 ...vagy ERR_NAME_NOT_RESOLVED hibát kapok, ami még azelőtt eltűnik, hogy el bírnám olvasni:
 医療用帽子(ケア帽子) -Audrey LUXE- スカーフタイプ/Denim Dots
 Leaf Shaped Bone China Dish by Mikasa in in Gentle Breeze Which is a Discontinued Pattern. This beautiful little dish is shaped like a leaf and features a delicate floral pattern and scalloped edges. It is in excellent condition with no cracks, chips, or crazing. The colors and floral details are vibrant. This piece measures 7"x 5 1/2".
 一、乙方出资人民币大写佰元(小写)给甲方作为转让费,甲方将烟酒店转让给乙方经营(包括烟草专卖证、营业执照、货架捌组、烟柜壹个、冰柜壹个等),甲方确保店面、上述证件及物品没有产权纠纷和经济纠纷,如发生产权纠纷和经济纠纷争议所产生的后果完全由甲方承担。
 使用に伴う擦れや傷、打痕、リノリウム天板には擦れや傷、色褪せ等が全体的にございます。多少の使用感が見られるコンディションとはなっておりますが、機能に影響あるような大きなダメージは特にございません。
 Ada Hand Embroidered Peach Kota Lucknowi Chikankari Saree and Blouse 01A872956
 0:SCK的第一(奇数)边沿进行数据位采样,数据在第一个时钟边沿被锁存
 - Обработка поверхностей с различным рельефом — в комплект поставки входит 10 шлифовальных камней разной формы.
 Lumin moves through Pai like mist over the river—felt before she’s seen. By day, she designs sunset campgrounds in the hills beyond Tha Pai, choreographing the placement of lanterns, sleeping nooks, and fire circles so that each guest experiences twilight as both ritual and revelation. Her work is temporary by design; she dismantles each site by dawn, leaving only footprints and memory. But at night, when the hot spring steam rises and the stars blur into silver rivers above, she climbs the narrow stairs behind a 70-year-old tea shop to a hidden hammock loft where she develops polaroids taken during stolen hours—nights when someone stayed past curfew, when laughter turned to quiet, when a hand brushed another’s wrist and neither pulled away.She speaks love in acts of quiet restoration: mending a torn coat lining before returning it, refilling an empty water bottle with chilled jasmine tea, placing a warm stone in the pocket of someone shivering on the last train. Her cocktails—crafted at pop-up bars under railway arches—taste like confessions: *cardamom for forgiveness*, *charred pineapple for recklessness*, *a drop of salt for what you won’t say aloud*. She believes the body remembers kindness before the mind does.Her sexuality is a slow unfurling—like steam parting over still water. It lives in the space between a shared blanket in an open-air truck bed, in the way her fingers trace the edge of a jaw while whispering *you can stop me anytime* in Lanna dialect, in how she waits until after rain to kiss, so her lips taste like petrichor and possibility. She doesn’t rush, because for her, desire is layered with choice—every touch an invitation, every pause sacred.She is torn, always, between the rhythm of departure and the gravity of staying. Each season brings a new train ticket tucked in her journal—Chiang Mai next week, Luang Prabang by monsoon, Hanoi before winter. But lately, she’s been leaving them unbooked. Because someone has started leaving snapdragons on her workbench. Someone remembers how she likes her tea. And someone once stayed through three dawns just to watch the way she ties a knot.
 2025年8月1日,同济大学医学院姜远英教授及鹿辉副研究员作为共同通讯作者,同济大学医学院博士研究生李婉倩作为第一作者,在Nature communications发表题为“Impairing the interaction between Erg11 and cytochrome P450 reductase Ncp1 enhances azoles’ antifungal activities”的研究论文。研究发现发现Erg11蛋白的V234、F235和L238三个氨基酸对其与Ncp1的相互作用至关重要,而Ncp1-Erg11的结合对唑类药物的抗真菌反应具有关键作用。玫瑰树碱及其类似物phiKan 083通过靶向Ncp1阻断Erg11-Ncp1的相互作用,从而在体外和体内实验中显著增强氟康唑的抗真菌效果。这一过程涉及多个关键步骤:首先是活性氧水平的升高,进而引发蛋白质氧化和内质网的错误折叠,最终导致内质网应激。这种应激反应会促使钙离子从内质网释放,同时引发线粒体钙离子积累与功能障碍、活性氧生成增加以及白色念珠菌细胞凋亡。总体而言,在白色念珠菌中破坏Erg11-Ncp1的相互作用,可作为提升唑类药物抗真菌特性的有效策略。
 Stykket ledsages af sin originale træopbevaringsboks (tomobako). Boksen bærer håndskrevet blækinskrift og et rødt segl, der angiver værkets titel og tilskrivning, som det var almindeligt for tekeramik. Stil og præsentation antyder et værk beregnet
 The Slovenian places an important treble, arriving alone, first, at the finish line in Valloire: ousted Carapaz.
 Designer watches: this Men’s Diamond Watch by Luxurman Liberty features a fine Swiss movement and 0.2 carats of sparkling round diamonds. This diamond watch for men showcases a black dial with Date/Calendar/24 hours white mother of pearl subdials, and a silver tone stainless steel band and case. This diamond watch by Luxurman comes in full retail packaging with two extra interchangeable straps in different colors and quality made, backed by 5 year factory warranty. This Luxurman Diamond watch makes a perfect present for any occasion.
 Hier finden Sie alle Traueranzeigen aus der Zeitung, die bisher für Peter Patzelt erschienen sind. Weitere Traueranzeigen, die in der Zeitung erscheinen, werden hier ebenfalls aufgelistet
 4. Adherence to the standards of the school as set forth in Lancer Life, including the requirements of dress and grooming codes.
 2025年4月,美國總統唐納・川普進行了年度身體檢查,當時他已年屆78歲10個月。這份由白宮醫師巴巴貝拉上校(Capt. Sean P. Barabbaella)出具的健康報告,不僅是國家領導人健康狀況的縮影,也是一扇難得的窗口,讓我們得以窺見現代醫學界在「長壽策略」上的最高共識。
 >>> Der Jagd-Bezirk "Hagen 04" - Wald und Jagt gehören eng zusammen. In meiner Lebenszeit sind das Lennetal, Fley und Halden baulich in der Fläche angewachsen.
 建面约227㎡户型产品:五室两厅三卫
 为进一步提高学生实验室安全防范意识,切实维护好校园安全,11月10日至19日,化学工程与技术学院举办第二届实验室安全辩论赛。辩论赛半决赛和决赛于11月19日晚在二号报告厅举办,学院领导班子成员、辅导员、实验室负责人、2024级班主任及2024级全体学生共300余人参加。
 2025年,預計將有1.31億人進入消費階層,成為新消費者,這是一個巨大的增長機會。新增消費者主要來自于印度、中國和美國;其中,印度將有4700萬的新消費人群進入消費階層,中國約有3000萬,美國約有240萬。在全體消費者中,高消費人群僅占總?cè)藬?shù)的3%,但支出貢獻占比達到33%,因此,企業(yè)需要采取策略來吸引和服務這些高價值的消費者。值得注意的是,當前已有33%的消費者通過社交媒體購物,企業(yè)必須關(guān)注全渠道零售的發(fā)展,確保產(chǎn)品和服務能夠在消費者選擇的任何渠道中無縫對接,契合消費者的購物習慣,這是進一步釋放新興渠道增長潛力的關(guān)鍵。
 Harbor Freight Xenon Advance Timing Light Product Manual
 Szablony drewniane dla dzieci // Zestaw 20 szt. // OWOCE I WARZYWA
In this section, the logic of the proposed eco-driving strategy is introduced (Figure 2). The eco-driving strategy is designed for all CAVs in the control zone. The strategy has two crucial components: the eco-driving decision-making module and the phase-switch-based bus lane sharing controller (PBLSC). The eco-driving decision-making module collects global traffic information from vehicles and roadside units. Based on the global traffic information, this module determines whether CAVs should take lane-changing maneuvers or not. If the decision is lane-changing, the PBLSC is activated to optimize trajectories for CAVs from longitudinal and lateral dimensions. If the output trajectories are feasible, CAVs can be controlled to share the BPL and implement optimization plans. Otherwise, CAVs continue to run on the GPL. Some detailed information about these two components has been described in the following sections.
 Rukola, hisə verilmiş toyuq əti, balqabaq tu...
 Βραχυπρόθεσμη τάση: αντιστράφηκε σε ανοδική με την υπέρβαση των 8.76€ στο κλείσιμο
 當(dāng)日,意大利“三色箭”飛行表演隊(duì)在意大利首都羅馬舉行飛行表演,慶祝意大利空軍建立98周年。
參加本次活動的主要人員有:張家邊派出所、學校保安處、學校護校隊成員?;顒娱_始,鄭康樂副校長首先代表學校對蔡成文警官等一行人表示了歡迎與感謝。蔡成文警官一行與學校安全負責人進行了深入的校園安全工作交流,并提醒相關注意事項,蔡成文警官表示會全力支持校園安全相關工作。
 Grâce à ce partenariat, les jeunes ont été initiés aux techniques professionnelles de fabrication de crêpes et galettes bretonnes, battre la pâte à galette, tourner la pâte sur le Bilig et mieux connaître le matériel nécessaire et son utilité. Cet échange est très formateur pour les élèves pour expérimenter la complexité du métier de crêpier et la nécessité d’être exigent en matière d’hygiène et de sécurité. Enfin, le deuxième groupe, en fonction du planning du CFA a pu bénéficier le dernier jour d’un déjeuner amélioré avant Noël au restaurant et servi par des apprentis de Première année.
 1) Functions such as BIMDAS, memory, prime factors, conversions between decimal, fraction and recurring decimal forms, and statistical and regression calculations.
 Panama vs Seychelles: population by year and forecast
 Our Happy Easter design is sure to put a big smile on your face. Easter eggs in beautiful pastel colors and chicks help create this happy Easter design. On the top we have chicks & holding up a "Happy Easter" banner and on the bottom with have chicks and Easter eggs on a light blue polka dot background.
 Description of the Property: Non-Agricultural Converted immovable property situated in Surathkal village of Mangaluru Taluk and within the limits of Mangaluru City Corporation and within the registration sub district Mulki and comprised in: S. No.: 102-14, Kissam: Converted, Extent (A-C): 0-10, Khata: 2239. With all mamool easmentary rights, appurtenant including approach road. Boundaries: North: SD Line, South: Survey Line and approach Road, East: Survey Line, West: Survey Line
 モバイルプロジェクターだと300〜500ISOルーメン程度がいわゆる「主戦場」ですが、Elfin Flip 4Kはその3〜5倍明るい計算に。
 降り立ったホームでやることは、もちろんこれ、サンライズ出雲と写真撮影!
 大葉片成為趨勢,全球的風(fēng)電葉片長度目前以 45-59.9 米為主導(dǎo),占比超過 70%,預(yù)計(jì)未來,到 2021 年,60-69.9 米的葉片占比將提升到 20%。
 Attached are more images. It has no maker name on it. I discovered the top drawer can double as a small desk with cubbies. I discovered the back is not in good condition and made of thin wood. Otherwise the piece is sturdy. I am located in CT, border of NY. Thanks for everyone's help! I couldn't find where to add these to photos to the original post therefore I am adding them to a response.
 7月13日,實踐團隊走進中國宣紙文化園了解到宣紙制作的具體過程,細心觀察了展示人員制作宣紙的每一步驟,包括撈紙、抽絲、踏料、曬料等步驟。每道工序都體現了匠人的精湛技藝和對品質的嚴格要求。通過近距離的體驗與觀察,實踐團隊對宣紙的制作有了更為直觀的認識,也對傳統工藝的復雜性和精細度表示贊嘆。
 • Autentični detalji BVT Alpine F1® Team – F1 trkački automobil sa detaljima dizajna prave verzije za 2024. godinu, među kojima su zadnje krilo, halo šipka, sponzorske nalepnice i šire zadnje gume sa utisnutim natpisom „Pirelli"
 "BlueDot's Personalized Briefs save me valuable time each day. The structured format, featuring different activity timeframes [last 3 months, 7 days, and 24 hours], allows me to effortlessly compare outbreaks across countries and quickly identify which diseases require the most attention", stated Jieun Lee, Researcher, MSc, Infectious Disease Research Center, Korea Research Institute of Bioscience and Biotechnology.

○ ○ ○ ○ ○ ○ ○

## Instructions to follow
Your task is to reproduce the entries exactly, starting at the first line and ending with the line containing "- Обработка поверхностей".

## Finished exercise
 ...vagy ERR_NAME_NOT_RESOLVED hibát kapok, ami még azelőtt eltűnik, hogy el bírnám olvasni:
 医療用帽子(ケア帽子) -Audrey LUXE- スカーフタイプ/Denim Dots
 Leaf Shaped Bone China Dish by Mikasa in in Gentle Breeze Which is a Discontinued Pattern. This beautiful little dish is shaped like a leaf and features a delicate floral pattern and scalloped edges. It is in excellent condition with no cracks, chips, or crazing. The colors and floral details are vibrant. This piece measures 7"x 5 1/2".
 一、乙方出资人民币大写佰元(小写)给甲方作为转让费,甲方将烟酒店转让给乙方经营(包括烟草专卖证、营业执照、货架捌组、烟柜壹个、冰柜壹个等),甲方确保店面、上述证件及物品没有产权纠纷和经济纠纷,如发生产权纠纷和经济纠纷争议所产生的后果完全由甲方承担。
 使用に伴う擦れや傷、打痕、リノリウム天板には擦れや傷、色褪せ等が全体的にございます。多少の使用感が見られるコンディションとはなっておりますが、機能に影響あるような大きなダメージは特にございません。
 Ada Hand Embroidered Peach Kota Lucknowi Chikankari Saree and Blouse 01A872956
 0:SCK的第一(奇数)边沿进行数据位采样,数据在第一个时钟边沿被锁存
 - Обработка поверхностей с различным рельефом — в комплект поставки входит 10 шлифовальных камней разной формы.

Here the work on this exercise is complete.